Ainsi, c’est la puissance athlétique et sculpturale des muscles qui sera représentée dans les tableaux ou les sculptures des artistes du national socialisme. C’est un art de l’extériorisation de la force physique, contre un art de l’intériorisation, ou plutôt de l’expression de l’affect et de la sensation. Aussi, ce qui est magnifié dans l’art nazi, ce sont, par exemple, ces fiers athlètes de Joseph Thorak qui accueillent les visiteurs du pavillon allemand de l'exposition de 1937 de Munich, « ces troupes impeccablement alignées du Front politique de Ferdinand Staeger sont à l'image des portraits, du Fuhrer, empreintes de cette force physique rayonnante, de cette santé si naturellement affichée par ceux qui sont portés par leurs convictions.
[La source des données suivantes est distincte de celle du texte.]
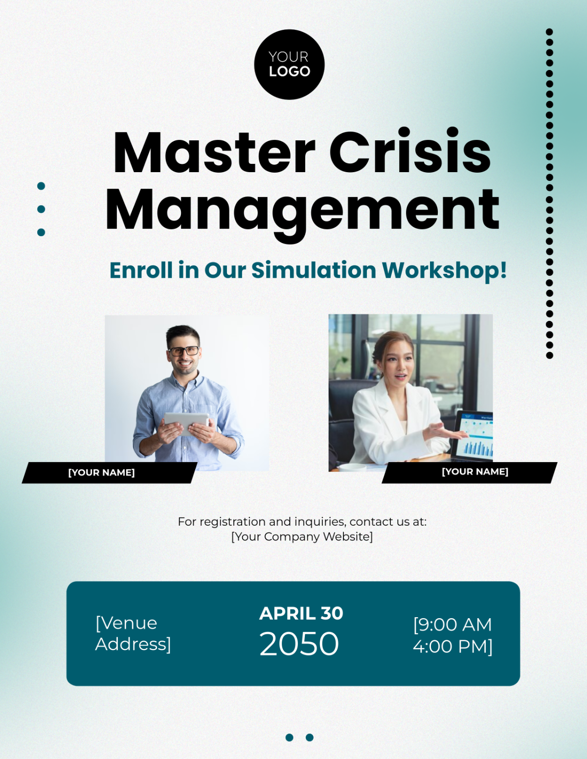 Prepare for the unexpected with the Crisis Management Simulation Workshop Flyer Template from Template.net. Designed for workshops that offer hands-on crisis management training through simulations, this customizable and editable flyer is a powerful tool for attracting leaders and managers. With the capability to edit in our Ai Editor Tool, it's perfectly suited for events that aim to build resilience and preparedness among professionals.

Les images du corps doivent être à l’image du corps social et de son esprit : indemne de toute flétrissure, de toute lésion, de toute souillure. La bonne santé, le regard altier, la forme volontaire du visage, tout doit exprimer une transparence. On ne doit sentir aucune défaillance possible dans les corps ou les esprits. L’image de la force physique est indissociable de la force mentale et morale. L'art du national-socialisme comme celui du réalisme-soviétique, furent tous deux des arts hygiénistes où la représentation de la maladie, l’infirmité, la souffrance du corps et de l’esprit est stratégiquement irrecevable ». 

Illustration 5
Vitrine consacrée à la collection Prinzhorn

On peut donc opposer à cette attitude paranoïaque des pouvoirs totalitaires, celle de tolérance qui apparaît à la même époque avec la reconnaissance psychiatrique et esthétique d’un « art des fous ».

Au début du XXe siècle, des psychiatres attentifs aux mutations de l’art moderne, comme Hans Prinzhorn, ( dont l’exposition actuelle au Musée Picasso présente quelques documents ) vont donc déplacer le regard clinique sur ce rapport art et folie. On ne va plus rechercher chez les artistes une éventuelle folie, on cherchera à l’inverse, chez le fou ce qu’il y a d’artiste. On va repérer dans ses productions souvent fragiles et chaotiques, un art en formation, une amorce d’art, une mise en forme dira Klee (Gestaltung), qui serait comme l’expression de l’origine de la création.

Illustration 6
sculpture de Karl Genzel

D’où l'importance de la collection Hanz Prinzhorn, dont on peut voir dans l'exposition quelques pièces rares, dont une magnifique aquarelle d'Oskar Herzberg, interné pour hallucinations, et deux sculptures de Karl Genzel, devenu depuis un classique de l'art brut. Avec Hanz Prinzhorn, on va s’intéresser aux créations des fous d’un point de vue purement esthétique, et non plus du seul point de vue clinique. L’art des aliénés devient alors une source d’inspiration pour les avant-gardes de l’expressionnisme au surréalisme.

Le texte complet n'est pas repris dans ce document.